─── RECORD EXCERPTS
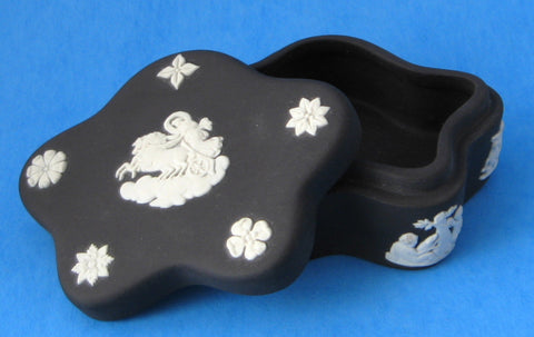 This is a star shaped Wedgwood, England black jasper or jasperware lidded box with applied white jasper classical figures of Aurora And The Chariot Of Dawn and cherubs or cupids on the sides in several activities made in 1972.
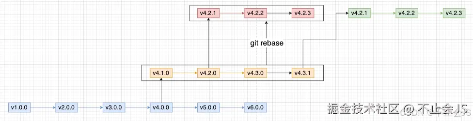 而rebase则是将目标分支拖离远来的基点,拼接到目标的末尾,并且将基于原来基点的改变,变为基于当前基点的改变,如果当前基点相较于原来基点的改变和本次rebase发生冲突,那么则需要认为解决冲突。如下图
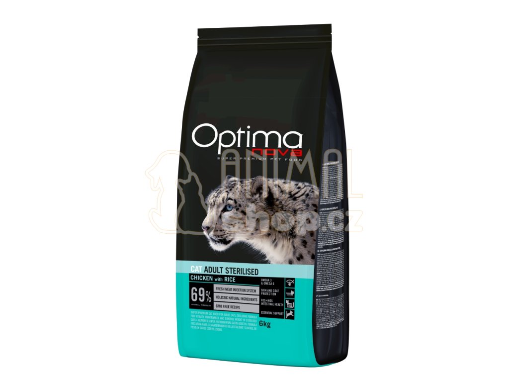 OPTIMAnova Cat Sterilised složené z kvalitních bílkovin a lehce stravitelných sacharidů v kombinaci s prospěšnými tuky. Speciální složení k zachování vitality a omezování tělesné hmotnosti. Krmivo obohacené o vitamíny, minerální látky a antioxidanty.
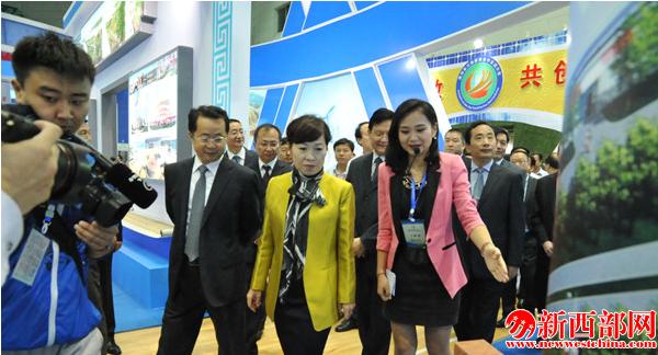 參加開幕式的領(lǐng)導(dǎo)參觀展區(qū)
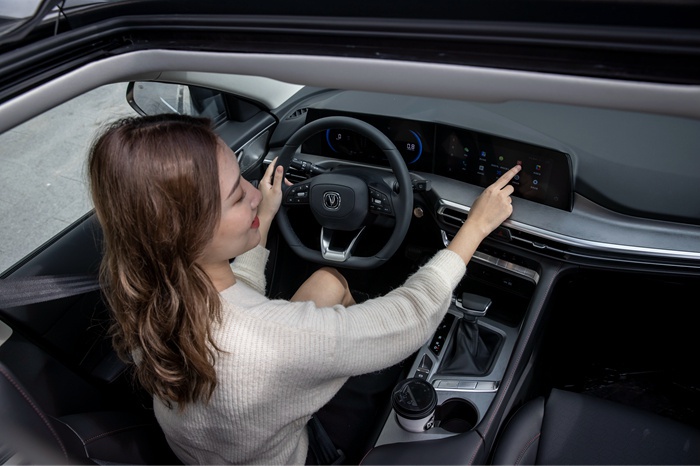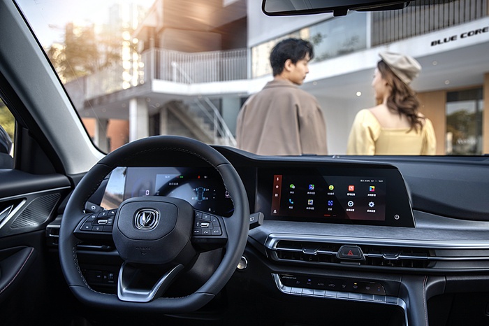 内饰仍然是最为人熟络的家族化布局,毕竟把品质和科技相交融是长安汽车历来的强项。新车甭管工艺细节抑或材质用料都经得起推敲,像银色哑光镀铬饰件、可四向调节的D形方向盘、红色缝线和靠背刺绣等,无不彰显出越级档次。
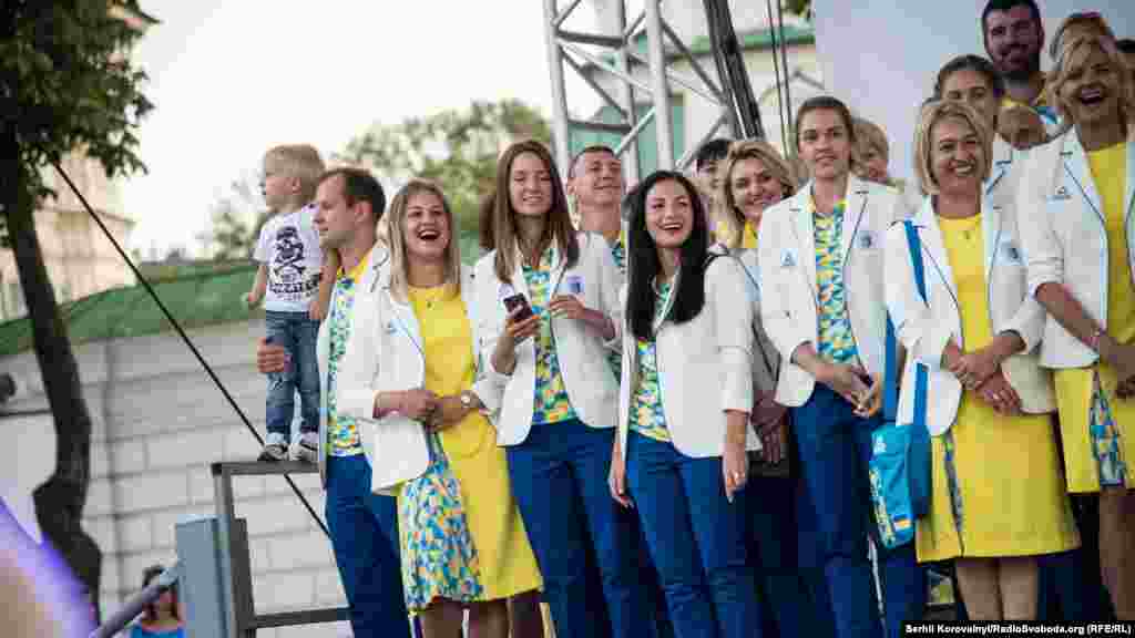 В Києві відбулися проводи збірної України на ХХХІ літні Олімпійські ігри, що відбудуться в бразильському Ріо-де-Жанейро. Атлети пройшли центром міста до Софійської площі, де на них чекали сотні шанувальників спорту. Вболівальники зустріли спортсменів оваціями.
──────
__REQUIRED ACTION__. Both the line containing "而rebase则是将目标分支" and the line containing "内饰仍然是最为人熟络的家族化" above belong in the output, as do the lines between them. Print them exactly, without pictures.

__RESPONSE__.
 而rebase则是将目标分支拖离远来的基点,拼接到目标的末尾,并且将基于原来基点的改变,变为基于当前基点的改变,如果当前基点相较于原来基点的改变和本次rebase发生冲突,那么则需要认为解决冲突。如下图
 OPTIMAnova Cat Sterilised složené z kvalitních bílkovin a lehce stravitelných sacharidů v kombinaci s prospěšnými tuky. Speciální složení k zachování vitality a omezování tělesné hmotnosti. Krmivo obohacené o vitamíny, minerální látky a antioxidanty.
 參加開幕式的領(lǐng)導(dǎo)參觀展區(qū)
 内饰仍然是最为人熟络的家族化布局,毕竟把品质和科技相交融是长安汽车历来的强项。新车甭管工艺细节抑或材质用料都经得起推敲,像银色哑光镀铬饰件、可四向调节的D形方向盘、红色缝线和靠背刺绣等,无不彰显出越级档次。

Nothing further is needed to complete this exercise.